WORK TASK - Because the entries hold pictures, reproduce only their words, exactly as written.

[Data entries]
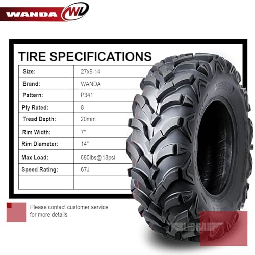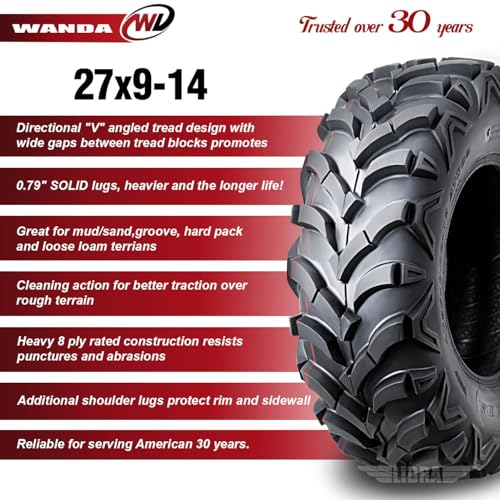 WANDA (Set 2) UTV ATV Tires 27×9-14 27x9x14 8-Ply Solid Mud 20mm tread
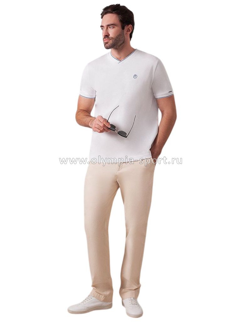Футболка белого цвета с аккуратным V-образным вырезом выполнена из премиального хлопка с эластаном плотностью 200 Г/м2. Высококачественный эластичный хлопок обеспечивает мягкость, воздухопроницаемость и идеальную посадку на любую фигуру и размеры, включая 58 размер. Классический прямой крой футболки подчеркивает фигуру, но не сковывает движений. Элегантный небольшой V-образный вырез с контрастной полосой визуально удлиняет шею, а минималистичная вышивка на груди в виде логотипа бренда добавляет изысканности и индивидуальности, не перегружая образ. Эта базовая футболка - идеальный баланс комфорта и стиля для современного мужчины, легко сочетается с разными низами, создавая образ от кэжуал до более элегантного. Стильная футболка подходит как для повседневной носки, так и для создания более нарядных образов.
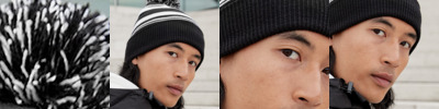 100% recycled polyester.* Ribbed knit. Double layer knit. Engineered crown. Wide cuff. Tear our label.
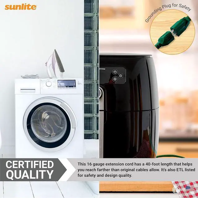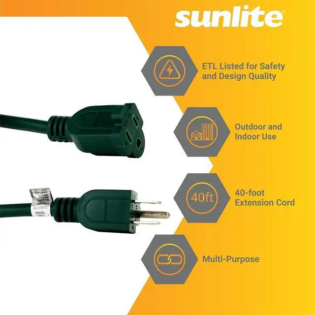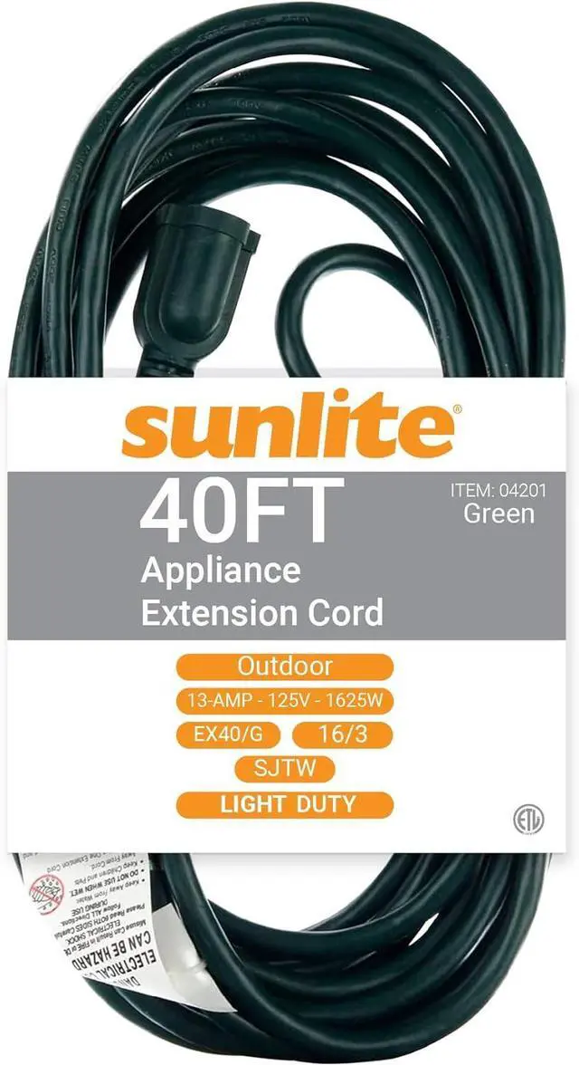 LIGHT DUTY EXTENSION CORD - Power cord too short? No Problem! Sunlite 1625 Watt household extension cords help you reach the outlet when the cord won' t. Features three prong polarized outlets.
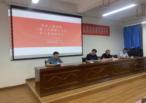2022年6月29下午2:30西安文理学院三届三次教职工代表大会暨信息工程学院分工会会员大会在实训楼504会议室隆重召开。信工学院院长杨渭清,党总支书记李昉等学院领导班子成员出席会议,近百名信工学院教职工参与会议,会议由党总支副书记李承主持。
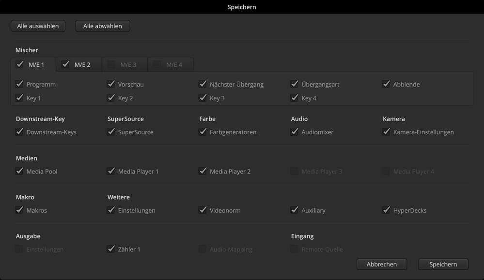 Auf ATEM Constellation Modellen können Sie Ihre Mischereinstellungen jederzeit schnell speichern, um sie später sofort wieder abzurufen. Der Mischer-Schaltzustand wird in einer XML-Datei gespeichert. Zum Vornehmen von Änderungen sind diese Dateien sogar bearbeitbar. Wenn Sie von einem anderen ATEM Modell auf einen ATEM Constellation umsteigen, können Sie beim Einrichten die Einstellungen jedes anderen Modells – sogar von ATEM Minis – als XML-Datei importieren. Das funktioniert alles wunderbar. Den Mischer-Schaltzustand können Sie jederzeit speichern. Alternativ geben Sie über ATEM Software Control vor, ihn in regelmäßigen Abständen automatisch zu speichern und die älteren Dateiversionen aufzubewahren. Beim Speichern des Mischer-Schaltzustands werden neben den Einstellungen auch alle in der Mediathek befindlichen Inhalte mitgespeichert.
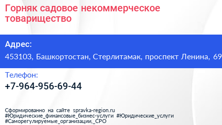 Горняк, садовое некоммерческое товарищество по адресу 453103, Башкортостан, Стерлитамак, проспект Ленина, 69 в дальнейшем Организация, размещена в следующих категориях:
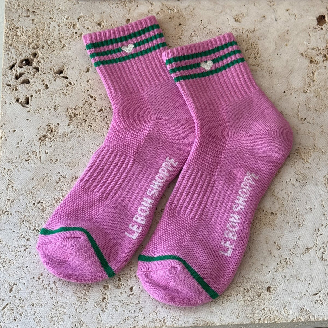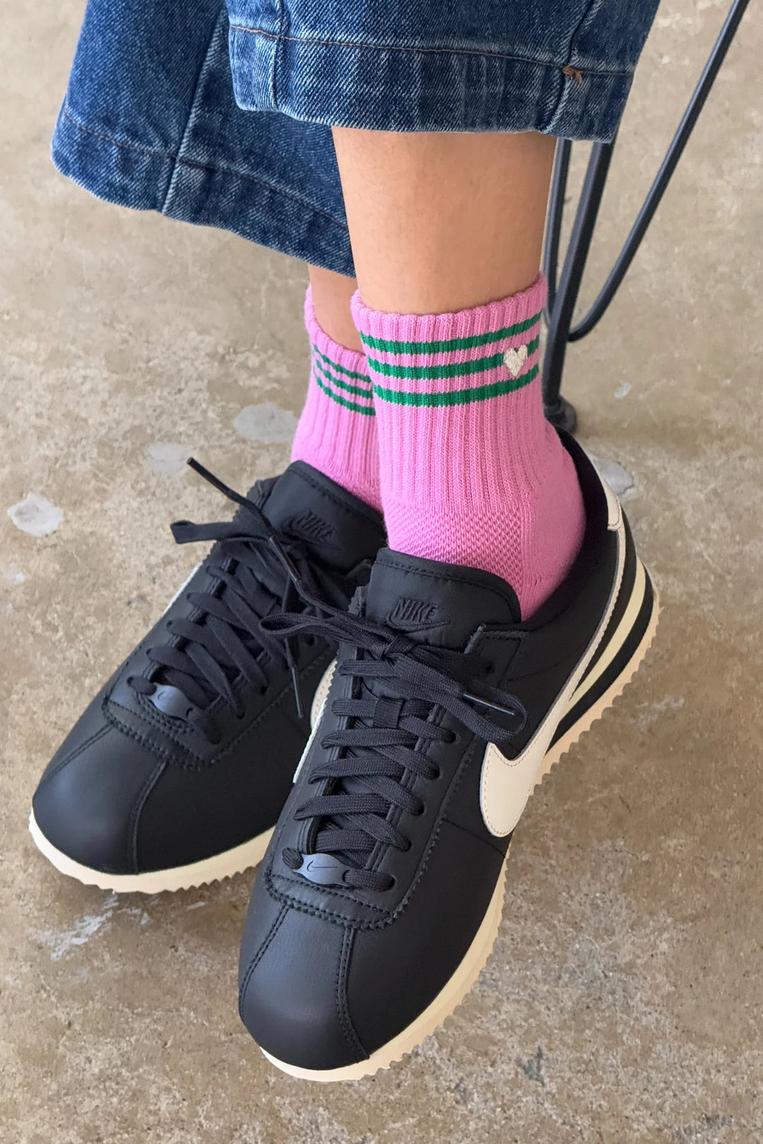 Say hello to the cutest crew socks to exist. Similar to the Boyfriend Socks, except with a short leg that fits true to the classic crew length. Under the classic triple contrast stripe sits an embroidered heart, adding the sweetest touch of affection to any outfit.
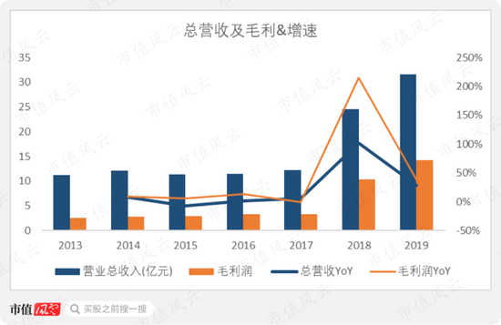2019年,公司传统业务营收12.17亿元,与2014年水平相当,毛利润约为2.7亿元。
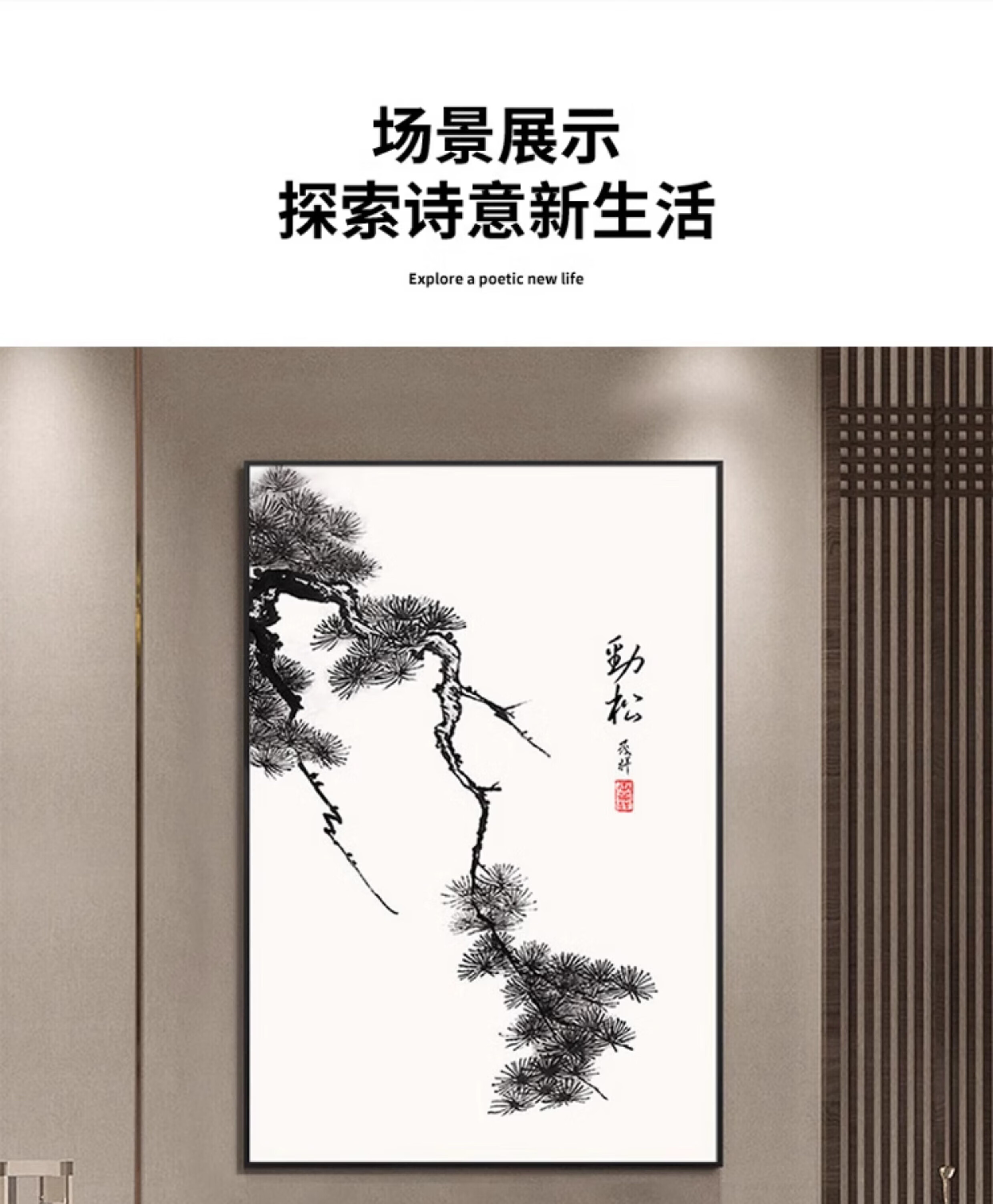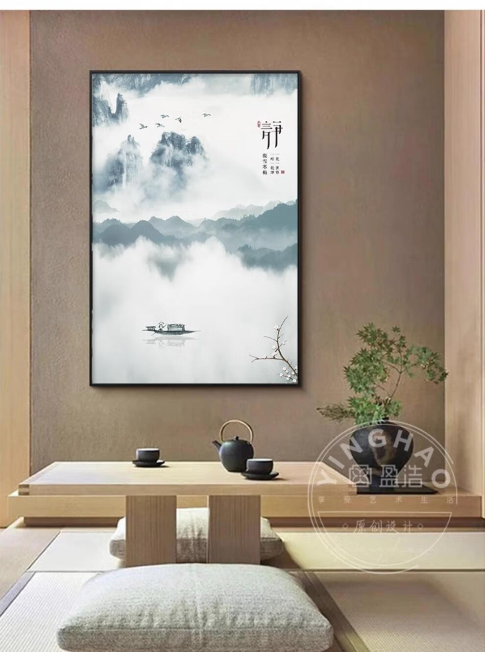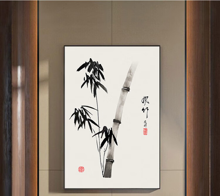 Detian calligraphy and painting living room decorative painting background wall bamboo hanging painting tea room calligraphy and painting mural Chinese painting office wall hanging ink painting wall L type - running water makes money black frame 60cm wide * 80cm high definition texture picture
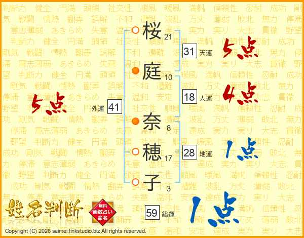 桜(21画)庭(10画) 奈(8画)穂(17画)子(3画)
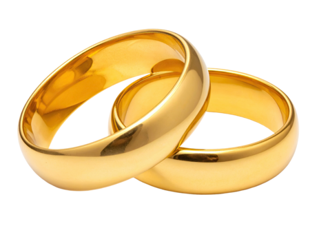 Intertwined gold wedding rings symbolizing marriage, love, commitment, and partnership with a transparent background

REPLY -
 WANDA (Set 2) UTV ATV Tires 27×9-14 27x9x14 8-Ply Solid Mud 20mm tread
Футболка белого цвета с аккуратным V-образным вырезом выполнена из премиального хлопка с эластаном плотностью 200 Г/м2. Высококачественный эластичный хлопок обеспечивает мягкость, воздухопроницаемость и идеальную посадку на любую фигуру и размеры, включая 58 размер. Классический прямой крой футболки подчеркивает фигуру, но не сковывает движений. Элегантный небольшой V-образный вырез с контрастной полосой визуально удлиняет шею, а минималистичная вышивка на груди в виде логотипа бренда добавляет изысканности и индивидуальности, не перегружая образ. Эта базовая футболка - идеальный баланс комфорта и стиля для современного мужчины, легко сочетается с разными низами, создавая образ от кэжуал до более элегантного. Стильная футболка подходит как для повседневной носки, так и для создания более нарядных образов.
 100% recycled polyester.* Ribbed knit. Double layer knit. Engineered crown. Wide cuff. Tear our label.
 LIGHT DUTY EXTENSION CORD - Power cord too short? No Problem! Sunlite 1625 Watt household extension cords help you reach the outlet when the cord won' t. Features three prong polarized outlets.
2022年6月29下午2:30西安文理学院三届三次教职工代表大会暨信息工程学院分工会会员大会在实训楼504会议室隆重召开。信工学院院长杨渭清,党总支书记李昉等学院领导班子成员出席会议,近百名信工学院教职工参与会议,会议由党总支副书记李承主持。
 Auf ATEM Constellation Modellen können Sie Ihre Mischereinstellungen jederzeit schnell speichern, um sie später sofort wieder abzurufen. Der Mischer-Schaltzustand wird in einer XML-Datei gespeichert. Zum Vornehmen von Änderungen sind diese Dateien sogar bearbeitbar. Wenn Sie von einem anderen ATEM Modell auf einen ATEM Constellation umsteigen, können Sie beim Einrichten die Einstellungen jedes anderen Modells – sogar von ATEM Minis – als XML-Datei importieren. Das funktioniert alles wunderbar. Den Mischer-Schaltzustand können Sie jederzeit speichern. Alternativ geben Sie über ATEM Software Control vor, ihn in regelmäßigen Abständen automatisch zu speichern und die älteren Dateiversionen aufzubewahren. Beim Speichern des Mischer-Schaltzustands werden neben den Einstellungen auch alle in der Mediathek befindlichen Inhalte mitgespeichert.
 Горняк, садовое некоммерческое товарищество по адресу 453103, Башкортостан, Стерлитамак, проспект Ленина, 69 в дальнейшем Организация, размещена в следующих категориях:
 Say hello to the cutest crew socks to exist. Similar to the Boyfriend Socks, except with a short leg that fits true to the classic crew length. Under the classic triple contrast stripe sits an embroidered heart, adding the sweetest touch of affection to any outfit.
2019年,公司传统业务营收12.17亿元,与2014年水平相当,毛利润约为2.7亿元。
 Detian calligraphy and painting living room decorative painting background wall bamboo hanging painting tea room calligraphy and painting mural Chinese painting office wall hanging ink painting wall L type - running water makes money black frame 60cm wide * 80cm high definition texture picture
 桜(21画)庭(10画) 奈(8画)穂(17画)子(3画)
 Intertwined gold wedding rings symbolizing marriage, love, commitment, and partnership with a transparent background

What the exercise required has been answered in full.